While CLAUDE.md governs shared team preferences, CLAUDE.local.md allows individual developers to define personal customizations that don’t need to be disseminated across the team. This file, located in your project root, enables you to set different preferences for things like testing frameworks or file opening patterns. Importantly, it’s automatically gitignored, ensuring that these changes don't contaminate the team’s shared configuration.

The Rules/ Folder: Modular Instructions

For larger teams or projects, a single CLAUDE.md can become unwieldy. The rules/ folder provides a solution by allowing you to break down instructions into modular files, each focused on a specific concern. For example, you might have a `code-style.md` defining coding standards, a `testing.md` outlining testing methodologies, and an `api-conventions.md` establishing API design rules. Each rule file can be scoped to specific paths within the codebase using YAML frontmatter, ensuring that the instruction is applied only when Claude is working with relevant files, significantly improving efficiency.
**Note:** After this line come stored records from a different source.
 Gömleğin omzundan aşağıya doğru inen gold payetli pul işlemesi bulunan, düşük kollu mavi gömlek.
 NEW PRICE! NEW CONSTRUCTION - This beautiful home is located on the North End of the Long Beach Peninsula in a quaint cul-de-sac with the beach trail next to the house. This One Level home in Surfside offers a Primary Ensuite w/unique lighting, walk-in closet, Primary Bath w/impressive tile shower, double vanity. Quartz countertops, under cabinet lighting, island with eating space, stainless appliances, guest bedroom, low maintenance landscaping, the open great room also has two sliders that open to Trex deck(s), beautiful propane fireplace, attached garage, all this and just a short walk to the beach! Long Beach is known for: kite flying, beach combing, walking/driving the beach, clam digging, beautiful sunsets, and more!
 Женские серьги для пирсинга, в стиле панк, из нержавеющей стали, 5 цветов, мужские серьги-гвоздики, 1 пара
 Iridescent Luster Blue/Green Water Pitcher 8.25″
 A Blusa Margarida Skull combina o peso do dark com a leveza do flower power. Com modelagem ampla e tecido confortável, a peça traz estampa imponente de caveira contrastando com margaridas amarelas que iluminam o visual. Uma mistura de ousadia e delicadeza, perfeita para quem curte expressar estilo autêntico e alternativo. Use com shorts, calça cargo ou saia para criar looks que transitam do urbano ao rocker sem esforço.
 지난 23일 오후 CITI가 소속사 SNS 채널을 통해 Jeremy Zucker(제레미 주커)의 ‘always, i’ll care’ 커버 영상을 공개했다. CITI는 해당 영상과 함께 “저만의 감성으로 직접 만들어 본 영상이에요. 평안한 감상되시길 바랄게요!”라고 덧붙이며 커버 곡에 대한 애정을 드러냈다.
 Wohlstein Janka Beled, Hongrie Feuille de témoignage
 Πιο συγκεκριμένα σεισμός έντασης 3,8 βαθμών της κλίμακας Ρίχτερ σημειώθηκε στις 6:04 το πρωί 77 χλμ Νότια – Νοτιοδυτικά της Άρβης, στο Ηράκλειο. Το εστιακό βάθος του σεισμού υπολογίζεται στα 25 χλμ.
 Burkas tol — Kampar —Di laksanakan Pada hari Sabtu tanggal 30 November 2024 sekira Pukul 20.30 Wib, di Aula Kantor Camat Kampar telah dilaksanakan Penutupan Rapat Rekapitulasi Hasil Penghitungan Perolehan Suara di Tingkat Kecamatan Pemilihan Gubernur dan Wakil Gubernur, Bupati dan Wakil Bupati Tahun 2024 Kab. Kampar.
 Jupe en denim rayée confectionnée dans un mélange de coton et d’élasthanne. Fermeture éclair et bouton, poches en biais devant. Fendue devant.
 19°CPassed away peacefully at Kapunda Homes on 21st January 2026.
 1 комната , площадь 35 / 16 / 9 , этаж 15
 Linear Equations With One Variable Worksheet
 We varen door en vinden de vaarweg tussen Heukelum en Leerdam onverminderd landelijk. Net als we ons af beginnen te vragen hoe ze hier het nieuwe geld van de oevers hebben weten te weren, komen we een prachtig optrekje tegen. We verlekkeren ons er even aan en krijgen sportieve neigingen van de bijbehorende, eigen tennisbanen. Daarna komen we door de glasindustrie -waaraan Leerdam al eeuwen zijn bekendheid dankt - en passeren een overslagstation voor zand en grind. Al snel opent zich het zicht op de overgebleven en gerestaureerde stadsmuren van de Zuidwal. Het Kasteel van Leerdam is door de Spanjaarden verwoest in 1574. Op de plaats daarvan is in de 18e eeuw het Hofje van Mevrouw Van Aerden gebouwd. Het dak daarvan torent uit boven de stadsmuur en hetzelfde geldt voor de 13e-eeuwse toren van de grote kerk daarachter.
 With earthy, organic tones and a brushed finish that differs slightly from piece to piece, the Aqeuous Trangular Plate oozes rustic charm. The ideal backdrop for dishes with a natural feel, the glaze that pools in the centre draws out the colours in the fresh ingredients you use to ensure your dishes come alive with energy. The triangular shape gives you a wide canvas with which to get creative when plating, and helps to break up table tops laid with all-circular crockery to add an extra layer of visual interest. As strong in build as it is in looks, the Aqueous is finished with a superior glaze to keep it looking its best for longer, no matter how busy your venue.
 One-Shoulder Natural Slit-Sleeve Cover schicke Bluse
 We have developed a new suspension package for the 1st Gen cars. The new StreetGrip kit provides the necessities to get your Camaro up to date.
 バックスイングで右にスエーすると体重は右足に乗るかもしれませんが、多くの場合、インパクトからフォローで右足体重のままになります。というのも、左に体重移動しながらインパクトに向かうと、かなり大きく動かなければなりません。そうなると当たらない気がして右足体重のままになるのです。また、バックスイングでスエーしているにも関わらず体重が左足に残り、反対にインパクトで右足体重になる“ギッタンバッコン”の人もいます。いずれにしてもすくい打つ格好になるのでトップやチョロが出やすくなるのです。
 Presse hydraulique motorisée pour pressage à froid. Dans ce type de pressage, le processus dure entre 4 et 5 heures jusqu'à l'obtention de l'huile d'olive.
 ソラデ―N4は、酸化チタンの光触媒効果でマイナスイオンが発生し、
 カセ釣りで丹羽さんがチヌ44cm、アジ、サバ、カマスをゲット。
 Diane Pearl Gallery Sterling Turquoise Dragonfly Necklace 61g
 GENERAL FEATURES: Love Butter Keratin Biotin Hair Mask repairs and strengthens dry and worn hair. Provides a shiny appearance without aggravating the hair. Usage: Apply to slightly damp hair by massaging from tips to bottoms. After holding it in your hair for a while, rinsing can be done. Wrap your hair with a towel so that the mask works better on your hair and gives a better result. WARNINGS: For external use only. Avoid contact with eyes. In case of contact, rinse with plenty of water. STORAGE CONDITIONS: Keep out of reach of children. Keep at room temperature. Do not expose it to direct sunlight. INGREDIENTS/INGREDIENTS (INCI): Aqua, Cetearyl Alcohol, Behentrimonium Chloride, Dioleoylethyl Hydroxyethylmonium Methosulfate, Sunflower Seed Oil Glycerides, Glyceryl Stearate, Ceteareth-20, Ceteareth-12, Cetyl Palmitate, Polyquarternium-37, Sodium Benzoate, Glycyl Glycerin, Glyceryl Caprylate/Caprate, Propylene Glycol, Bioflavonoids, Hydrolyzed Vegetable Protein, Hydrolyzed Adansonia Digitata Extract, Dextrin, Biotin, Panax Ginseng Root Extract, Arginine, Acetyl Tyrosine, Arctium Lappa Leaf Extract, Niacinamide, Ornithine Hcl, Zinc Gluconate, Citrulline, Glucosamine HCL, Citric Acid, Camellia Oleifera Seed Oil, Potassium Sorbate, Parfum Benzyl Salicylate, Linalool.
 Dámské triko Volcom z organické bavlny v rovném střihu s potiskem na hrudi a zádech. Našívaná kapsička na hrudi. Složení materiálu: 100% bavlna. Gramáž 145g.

Unscoped rules apply unconditionally.

Commands/ Folder: Custom Slash Commands

The commands/ folder enables the creation of custom slash commands within Claude Code. Each markdown file in this folder becomes a slash command, offering a streamlined way to trigger specific actions. For example, a `review.md` file creates `/project:review`, and a `fix-issue.md` creates `/project:fix-issue`. The filename itself becomes the command name, and the content of the file defines the command’s logic. Utilizing backticks within the files allows you to run shell commands and embed their output directly into Claude’s prompt.

Skills/ Folder: Automated Workflows

Skills represent a more sophisticated approach than commands, providing reusable workflows that can be invoked automatically by Claude. Each skill resides in its own subdirectory with a SKILL.md file, which defines its description, allowed tools, and model preference. The SKILL.md file utilizes YAML frontmatter to control when the skill should be activated, adding a degree of flexibility and relevance to Claude’s responses.

Agents/ Folder: Specialized Subagent Personas

When a task requires a specialized skillset, the agents/ folder allows you to define subagent personas—dedicated specialists that can operate within Claude’s context. Each agent possesses a system prompt tailored to its specific role, access to relevant tools, and a distinct model preference. This compartmentalized approach isolates complex tasks and enhances clarity, improving the overall efficiency of the development process.

Settings.json: Permission Control

The settings.json file within the .claude/ folder governs Claude’s permissions, defining which commands it is allowed to execute and which files it can access. Restricting command access prevents accidental or malicious actions, while controlling file access protects sensitive information. The “allow” and “deny” lists in the configuration file provide granular control over Claude’s capabilities.

Conclusion: Optimizing Claude Code

By diligently configuring the .claude/ folder, engineering teams can significantly enhance Claude Code’s performance and productivity. The judicious use of CLAUDE.md, the structure of the rules/ folder, custom commands in the commands/ folder, skills, agents, and granular permission settings unlocks the full potential of Claude Code, transforming it from a “black box” into a reliable and adaptable tool tailored to your team's specific needs, ultimately driving greater efficiency and measurable returns on investment.